Baudrillard: “The terrorist hypothesis is that the system will commit suicide in response to the multiple challenges posed by deaths and suicides. ...It is the terrorist model to bring about an excess of reality, and have the system collapse beneath that excess of reality”.


Cheney: “Fortunately, in this period of challenge, the United States has a leader in President Bush, who has the patience and the resolve and the moral clarity necessary to wage the war on terror and to win it”.
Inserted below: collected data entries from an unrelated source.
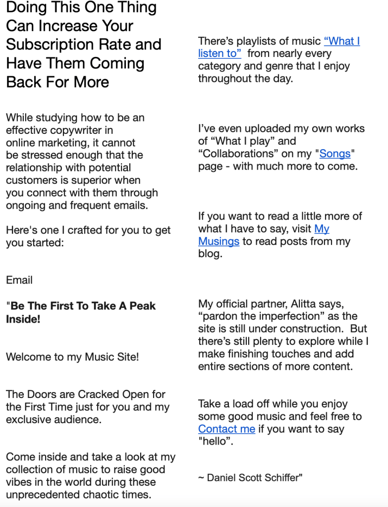 In order to get the word out about the new music website, we needed to write an email campaign and drive traffic.
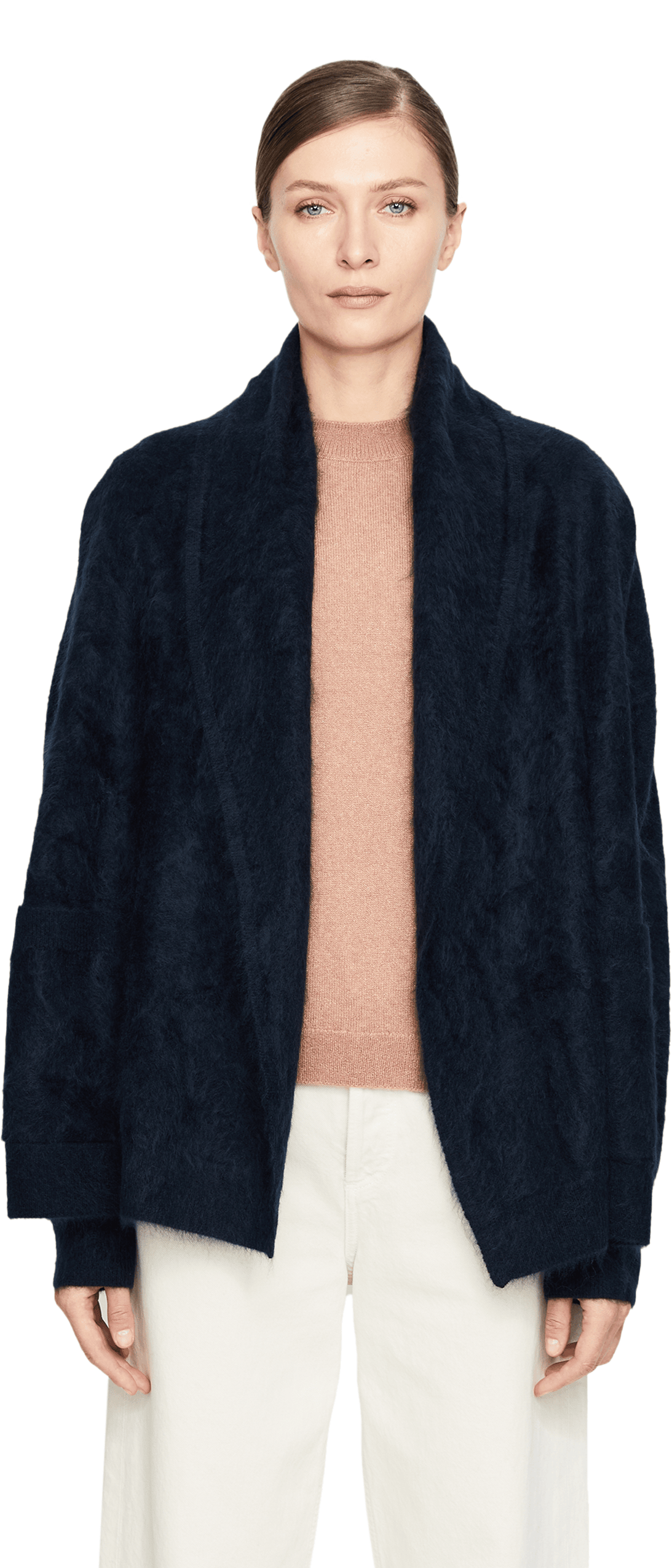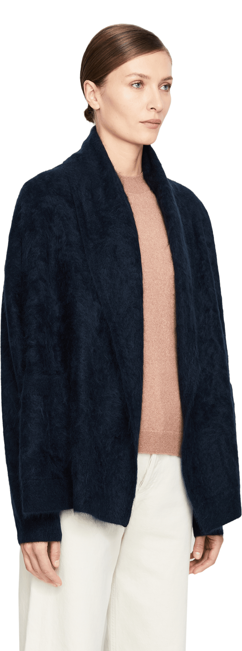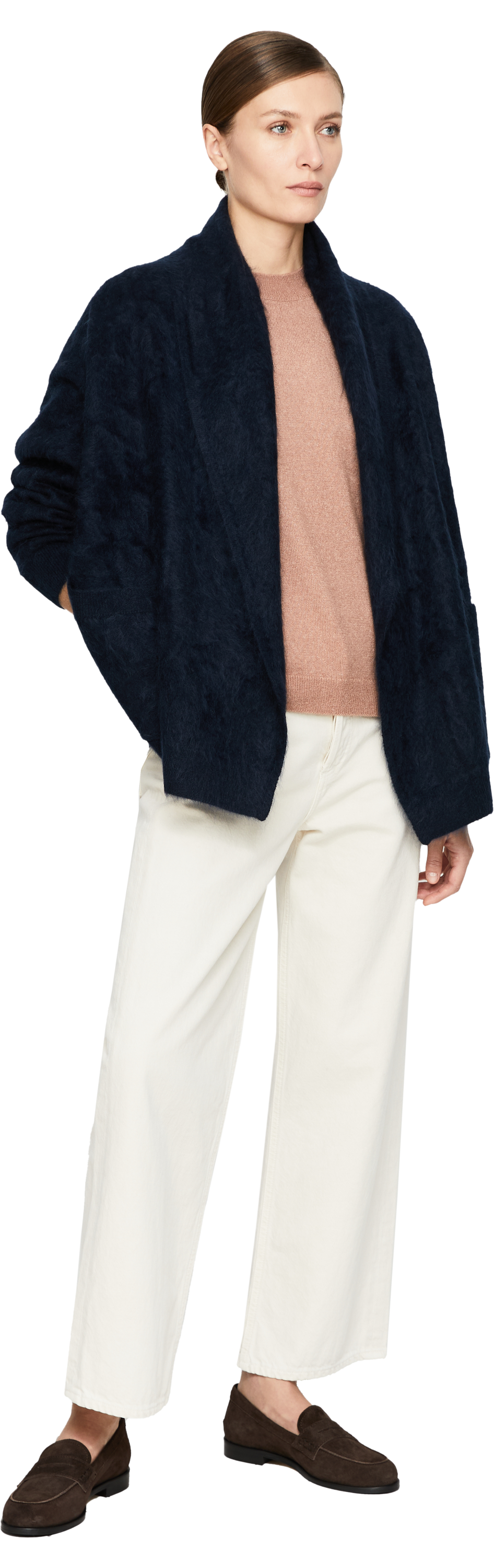 Die Strickjacke 'Kamelia' in Navy von Iris von Arnim wurde aus reinem Cashmere gefertigt und besticht durch die weiche Haptik. Der gebürstete Flachstrick und die zwei aufgesetzten Taschen zeichnen dieses hochwertige Modell aus.
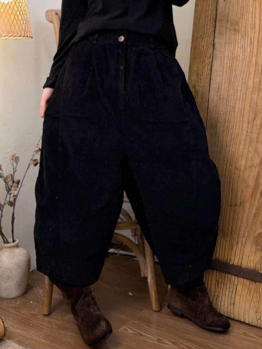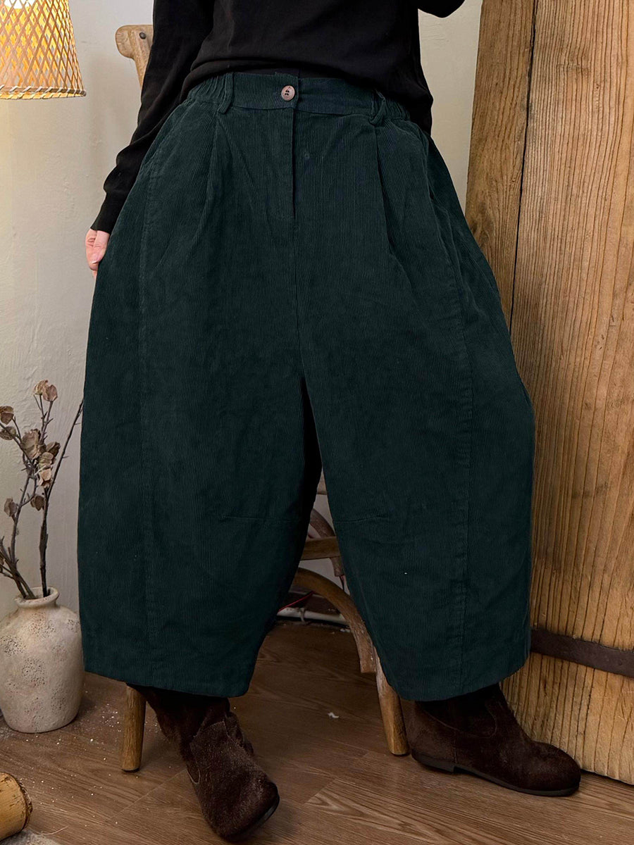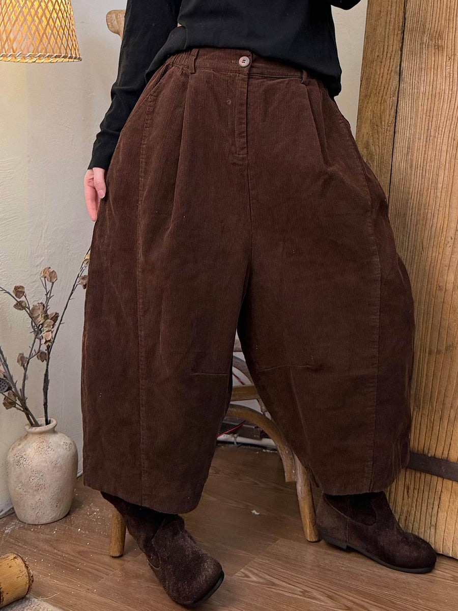 レディース 冬 レトロ ピュアカラー コーデュロイ ハーレムパンツ
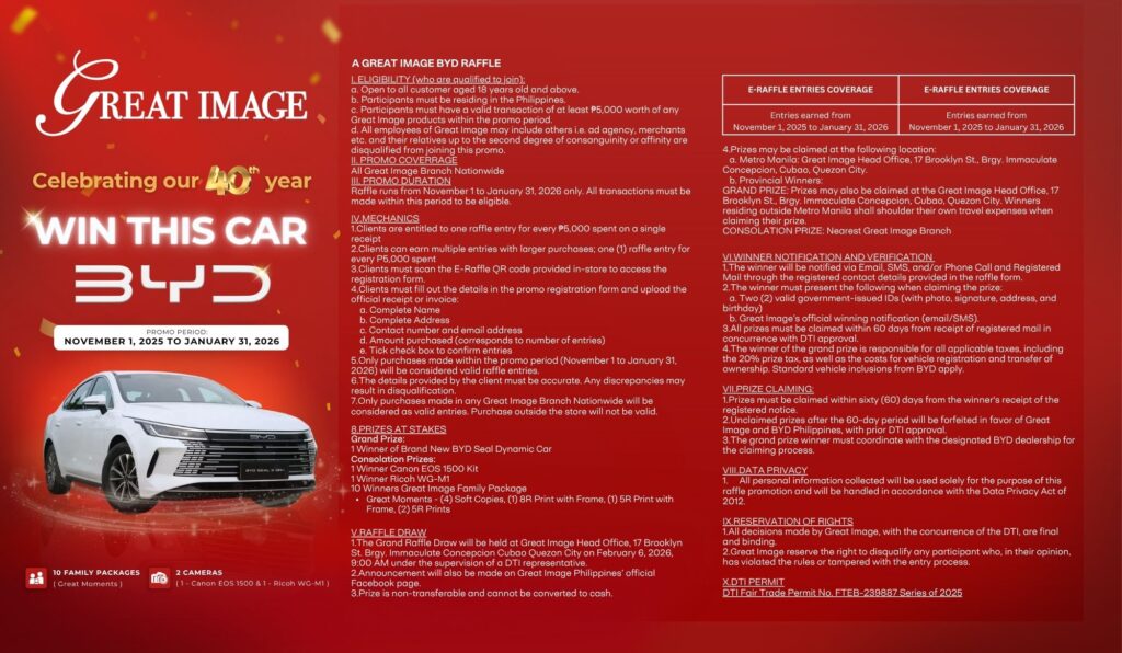 To thank you for being part of our journey, we’re giving you a chance to take HOME and WIN a brand-new BYD car. A stylish, eco-friendly ride that’s perfect for creating new adventures with your loved ones. Imagine driving home in your brand-new car, all because you chose to capture your precious moments with Great Image!

Baudrillard: “What we hate in ourselves -- the obscure object of our resentment -- is our excess of reality, power, and comfort, our universal availability, our definite accomplishment... And this is exactly the part of our culture that the terrorists find repulsive (which also explains the support they receive and the fascination they are able to exert). Terrorism's support is not only based on the despair of those who have been humiliated and offended. It is also based on the invisible despair of those whom globalization has privileged, on our own submission to an omnipotent technology, to a crushing virtual reality, to an empire of networks and programs that are probably in the process of redrawing the regressive contours of the entire human species, of a humanity that has gone "global." (After all, isn't the supremacy of the human species over the rest of life on earth the mirror image of the domination of the West over the rest of the world?). This invisible despair, our invisible despair, is hopeless since it is the result of the realization of all our desires. ...if terrorism is derived from this excess of reality and from this reality's impossible exchange, if it is the product of a profusion without any possible counterpart or return, and if it emerges from a forced resolution of conflicts, the illusion of getting rid of it as if it were an objective evil is complete. For, in its absurdity and non-sense, terrorism is our society's own judgment and penalty”.



VI. Irony


Cheney: “...only the terrorists themselves want to live in such a world, where law is replaced by brute force and morality is defined by vicious and violent men”.


Baudrillard: “Terror is dissipated by irony”.




VII. Epilogue


Baudrillard’s contribution to the virtual dialogue illustrates how theory can stand as a challenge to the real. A further interesting effect of this virtual dialogue is that the voice of Baudrillard is so relatively comforting. We are now living through a period in which it seems there is very little to believe in and this is a key problem for the proponents of terror. Each side of the current terror war offers a substitute for uncertainty. The value of Baudrillard’s thought at the present moment is its reminder that it is also important not to believe: “So today, with the loss of utopias and ideologies, we lack objects of belief. But even worse, perhaps, we lack objects in which not to believe. For it is vital -- maybe even more vital -- to have things in which not to believe”. Against the thought of Baudrillard, the prospects of fanaticism are not good, and terrorism did not stand a chance.